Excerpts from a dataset
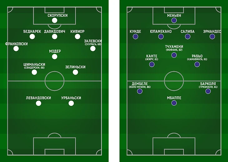 Левандовски достаточно выздоровел, чтобы сыграть полный матч. Ещё у Польши появился новый вратарь и не хуже прежнего. Франция же обновилась на одну позицию - наконец убрали Тюрама, Мбаппе вышел в центре, а слева играл Барколя.
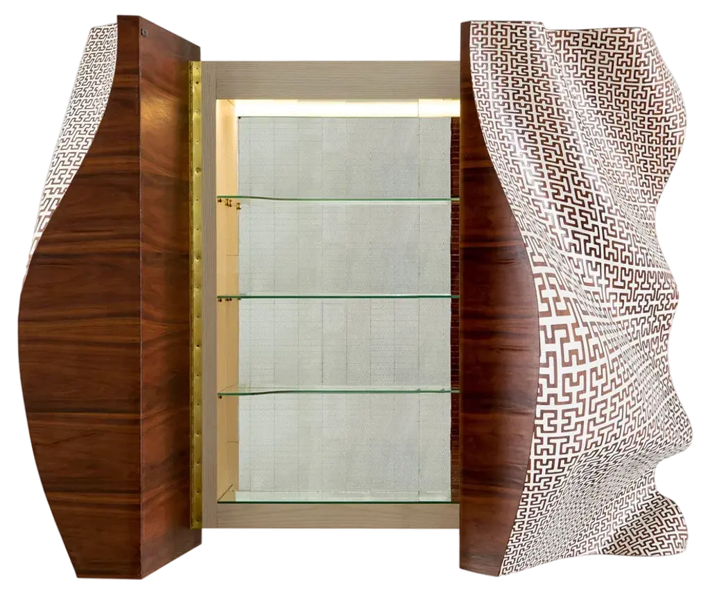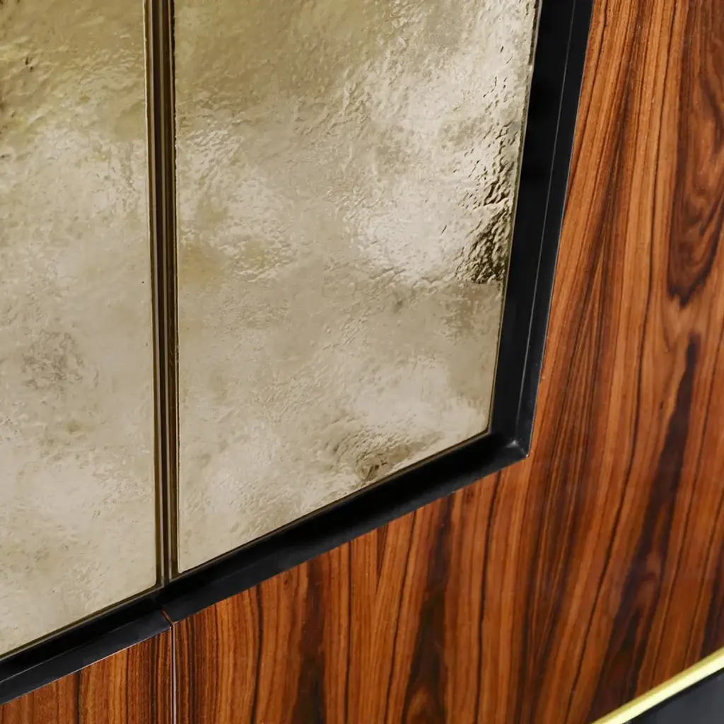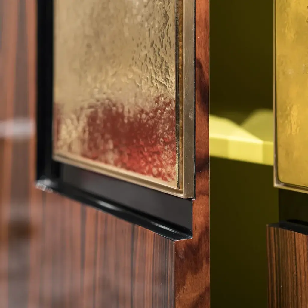 Two doors cabinet with ceramic tiles inserted in a brass frame. Lacquered interior with shelves. Available in different veneers and glazes combinations.Net Weight Kg90MaterialsWood/Glass/Ceramic/Metal/Picture finish02723A N3-M1 ROSEWOOD OPACO + CERAMICA RAY GOLDThe Herbert collection of piece of furniture can be easily positioned in living and dining areas. Can be supplied with different finishes and made to measure. The ceramic elements can be glazed in multiple tones.
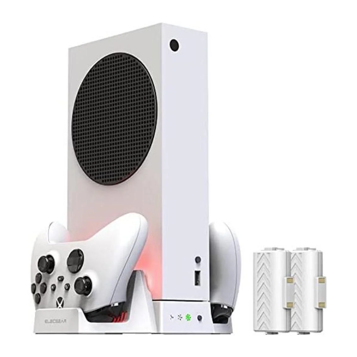 ElecGear Soporte vertical de refrigeración y carga para Xbox Series S, 2 pilas recargables y cargador dual para controlador Xbox, ventilador de refrigeración con luces LED y puerto USB para accesorios de juego
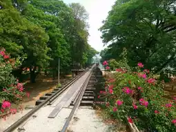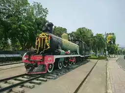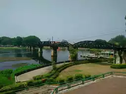 .. In addition to visiting the Bridge on the River Kwai, tourists also You can also walk across to see the Guanyin Bodhisattva temple, see the old locomotives used in building the railway in front of the train station, and take a photo at the Japanese military cemetery.
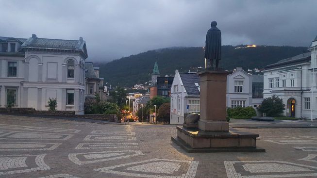Avevo trascorso due giorni a Bergen senza vedere molto, causa la pioggia, ma quando stamane mi sono svegliato ho trovato un cielo accettabilmente azzurro, pertanto mi è sembrato un buon compromesso passare mezza giornata passeggiando per la città. Me la sono girata tutta, per quanto ho potuto: il waterfront, la cattedrale, il quartiere antico, la parte sulla collina, di nuovo il mercato del pesce.
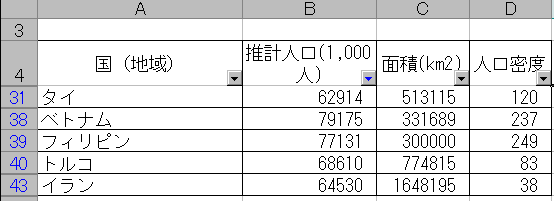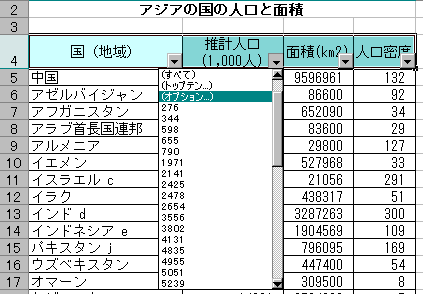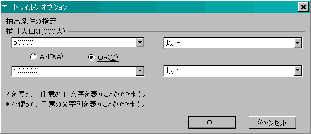 この表から、「推定人口」が「50000」から「100000」のデータを表示させて
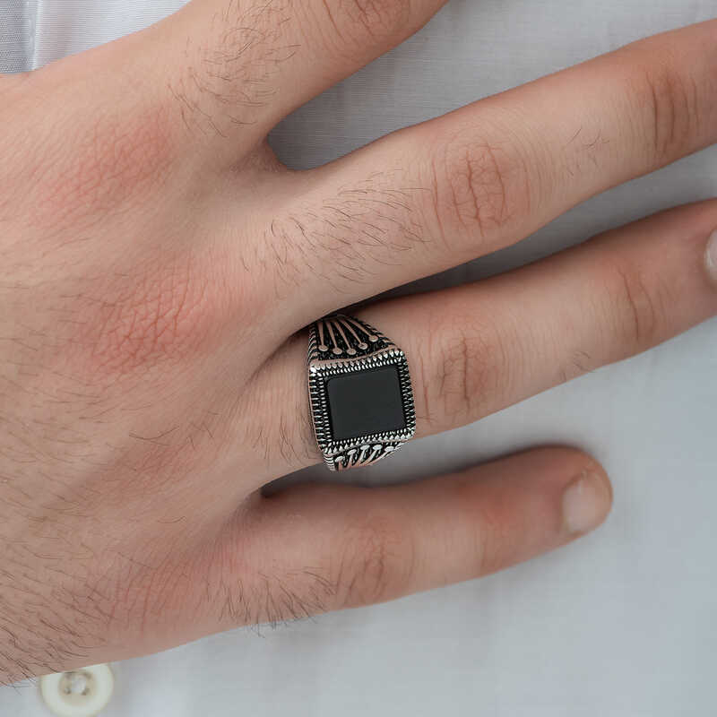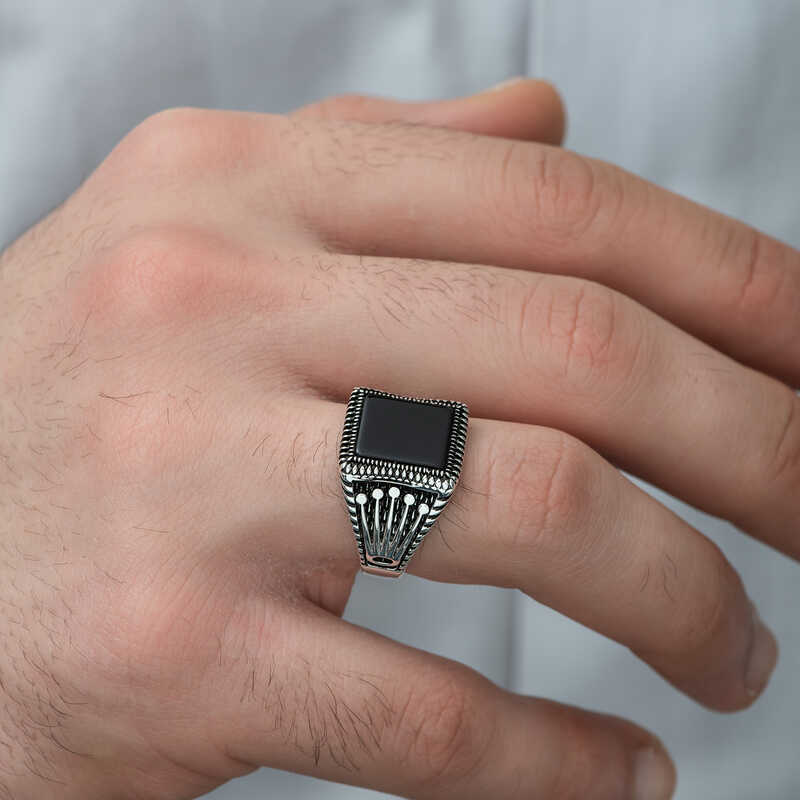 Reaching the earth over millions of years, onyx stone is a stone formed through the heating and cooling of rocks and some components over time. Onyx stone is known as luck stone and is a semi-precious stone type. Onyx has been used in the manufacture of various ornaments and jewelry from ancient times to the present, due to its machinability and aesthetic appearance. Onyx is the sacred stone of the earth signs Taurus, Virgo and Capricorn. People with this zodiac sign can protect themselves from negative energy by choosing accessories with onyx stones. The finger-shaped crown mark on the sides of the ring symbolizes the skillful fingers of the master. On the other hand, with the image of the king's crown, it is described as a symbol of power, power or nobility. This stylish ring; You can gift it to yourself or your loved ones on their birthday, father's day and other special occasions. This stylish ring is made of 925 sterling silver. Oxide coating is made on silver. Oxide-plated rings have an authentic look. As with all men's rings, the silver onyx stone knitted patterned men's ring model is also handcrafted. Due to silver and precious stones, there may be a deviation of ± 10% in the average product weight stated.

▶ **Task goal**:
What to print is the stretch of entries from the line with "Avevo trascorso due" up to and including the line with "この表から、「推定人口」が「". Please print it exactly and leave out the pictures.

▶ **Task answer**:
Avevo trascorso due giorni a Bergen senza vedere molto, causa la pioggia, ma quando stamane mi sono svegliato ho trovato un cielo accettabilmente azzurro, pertanto mi è sembrato un buon compromesso passare mezza giornata passeggiando per la città. Me la sono girata tutta, per quanto ho potuto: il waterfront, la cattedrale, il quartiere antico, la parte sulla collina, di nuovo il mercato del pesce.
 この表から、「推定人口」が「50000」から「100000」のデータを表示させて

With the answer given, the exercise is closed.